Clinical characteristics and treatment outcome of primary mediastinal lymphoma / 대한내과학회지

ABSTRACT

BACKGROUND: The primary mediastinal lymphoma (PML) is defined as the non-Hodgkin's lymphoma that presents primarily within the mediastinum, and primary mediastinal diffuse large B cell lymphoma (PMLBL) is defined as primary mediastinal lymphoma of which histology shows diffuse large B cell lymphoma.
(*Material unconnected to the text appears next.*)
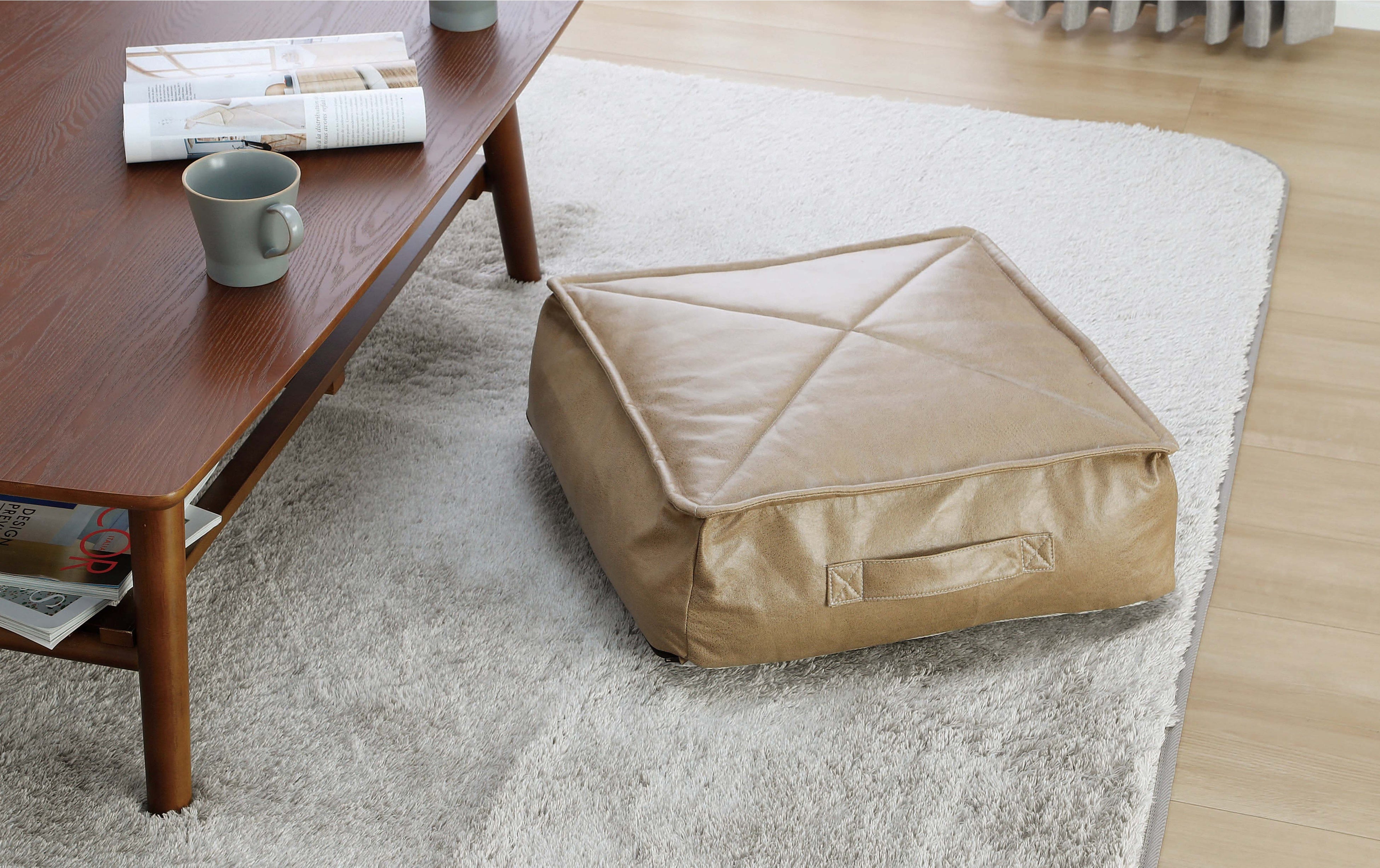 季節の変わり目になるとラグや布団を変える方も多いと思いますが、サイズも大きくかさばるため、収納場所に困りませんか。この度、コメリより新たに発売される、「収納にもなるクッション」は、そのままクッションとして使用するのはもちろん、ラグや布団を入れて、収納クッションとして使用できる商品です。サイズが大きくかさばるラグや布団も、クッションとして使用すると、収納スペースが節約できます。また、高級感のあるアンティーク調のフェイクレザーを使用し、カラーもベージュ・ブラック・グリーンの3色ご用意しているため、どんなお部屋にも合わせやすいクッションです。

There is no available clinical study yet about the clinical characteristics and treatment outcome of PMLBL in Korea. Here the authors report our experience of 21 cases of PML including 11 cases of PMLBL. METHODS: The authors reviewed retrospectively medical records of 21 cases with PML from January 1992 to January 2003, and analyzed clinical characteristics, response to induction therapy, and survival. The authors subsequently performed subset analysis in 11 cases with PMLBL. Median follow-up period was 16 months (range, 4~80 months). RESULTS: Male to female ratio was 813 and the median age of 21 PML cases was 33.5 years. Of 21 PML cases, histology of most cases was diffuse large B cell lymphoma (11/21) and lymphoblastic lymphoma (8/21). Cell lineage was B cell in 13 cases (61.9%). Thirteen cases (62.0%) were in stage I and II. Initial induction therapy was chemotherapy alone in 19 cases, combined chemoradiotherapy in 1 case and no treatment in remaining 1 case. Response rate to initial therapy was 70% in 20 PML cases (complete response [CR] 50%, partial response 20%) with CR of 50% in 10 PMLBL. Median progression-free survival and overall survival for 11 PMLBL cases were 11 months and 16 months, respectively. CONCLUSION: Incidence of PML showed slight predominance in female and in relatively young age with median age of less than 40 years. Most patients presented with a chief complaint of superior vena cava syndrome including dyspnea. The most common histology of PML was diffuse large B cell lymphoma. PMLBL represented low complete response rate to conventional chemotherapy, low progression-free and overall survival rates compared with peripheral diffuse large B cell lymphoma by historical review.